[Items from a data source]
==================================================

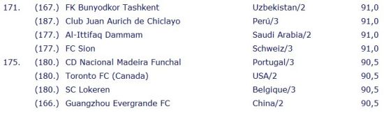 IFFHS���ֲ�����:���9λ ��������ʱ��7��3����Ϣ��IFFHS����������һ�ڵ�������ֲ�400ǿ���������г��������֧��ѡ������ھ���ɱ���ǹ�16ǿ�Ĺ��ݺ��������175λ�����������г��Ǿ���������������396λ��ֵ��һ����ǣ������ǹڰ�ǿ����ɳ�����ٹ��¶�������133λ�����ں��
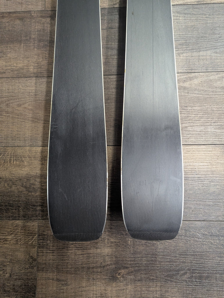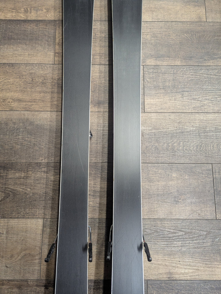 Skis are in very good used condition. Some typical wear and tear, but edges and bases are in good shape.
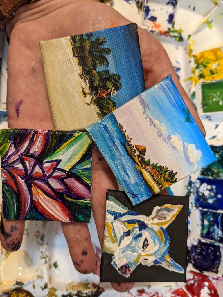 Saturday 5/29 – #PayTheDay minis (2×2 & 3×3 beach, bromeliads, dog)
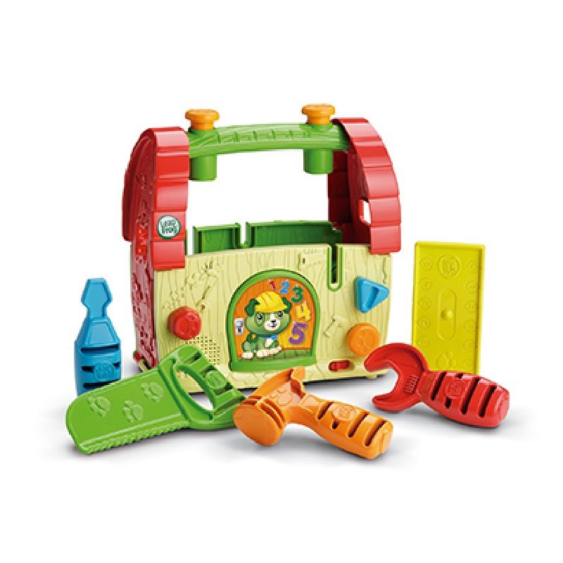 Caja de herramientas con forma de casita, para montar y desmontar siguiendo las instrucciones de audio y usando las herramientas incluidas. Enseña colores, a contar, resolver problemas y más.
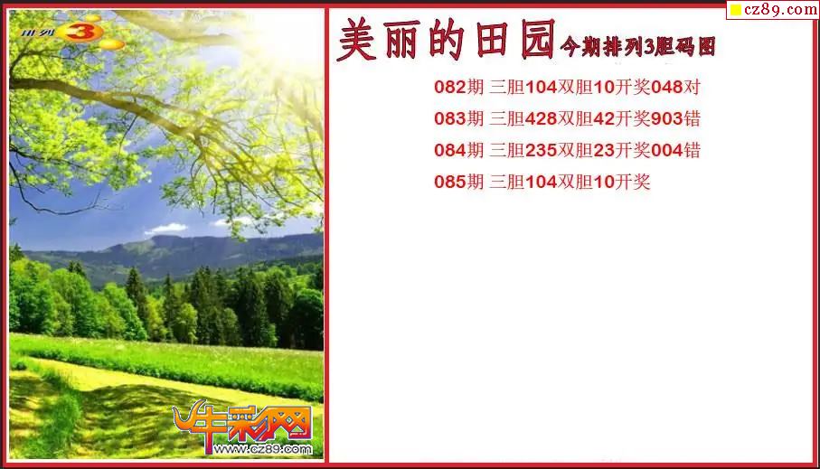 首页 > 排列3图谜 > 2026085期P3美丽的田园胆码图
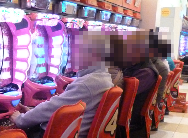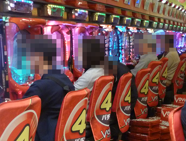 午後の4円パチンコにおいて、もっとも盛り上がっていたのは海物語シリーズ。機種のポテンシャルを引き出すといった姿がズラリと並んでいる光景は壮観であった。
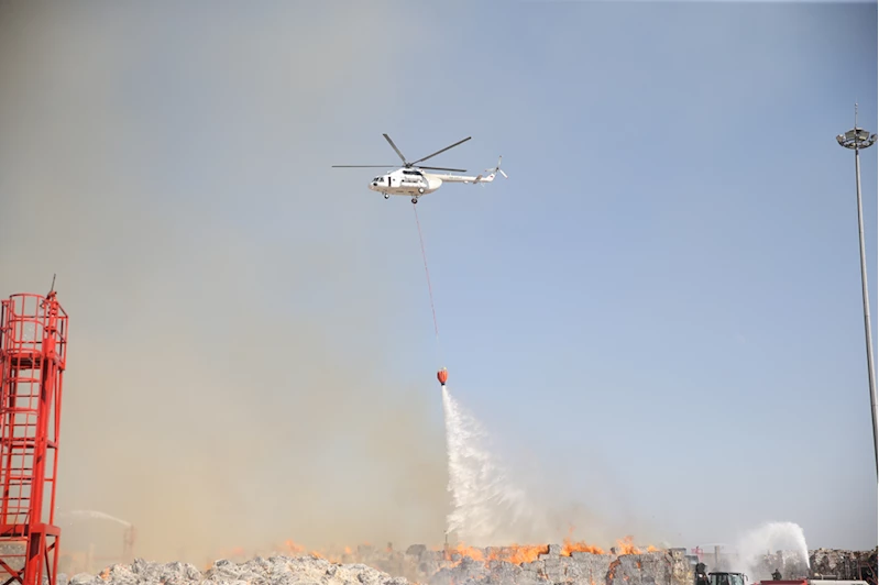 Öte yandan, tesisteki bazı kağıt ve plastikler, yangından etkilenmemeleri için iş makineleriyle dışarı çıkarıldı. Ayrıca su doldurulan beton mikserleriyle de yangına müdahaleye destek verildi.
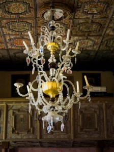 Lestenec v cerkvi sv. Petra na Dolenjem Jezeru je bil izdelan v steklarni za Karlovico (Foto: Miloš Toni).Slovarček:

==================================================

Look above for the line containing "Öte yandan, tesisteki"; output that line and all lines after it through the last one exactly, without the pictures.

 Öte yandan, tesisteki bazı kağıt ve plastikler, yangından etkilenmemeleri için iş makineleriyle dışarı çıkarıldı. Ayrıca su doldurulan beton mikserleriyle de yangına müdahaleye destek verildi.
 Lestenec v cerkvi sv. Petra na Dolenjem Jezeru je bil izdelan v steklarni za Karlovico (Foto: Miloš Toni).Slovarček:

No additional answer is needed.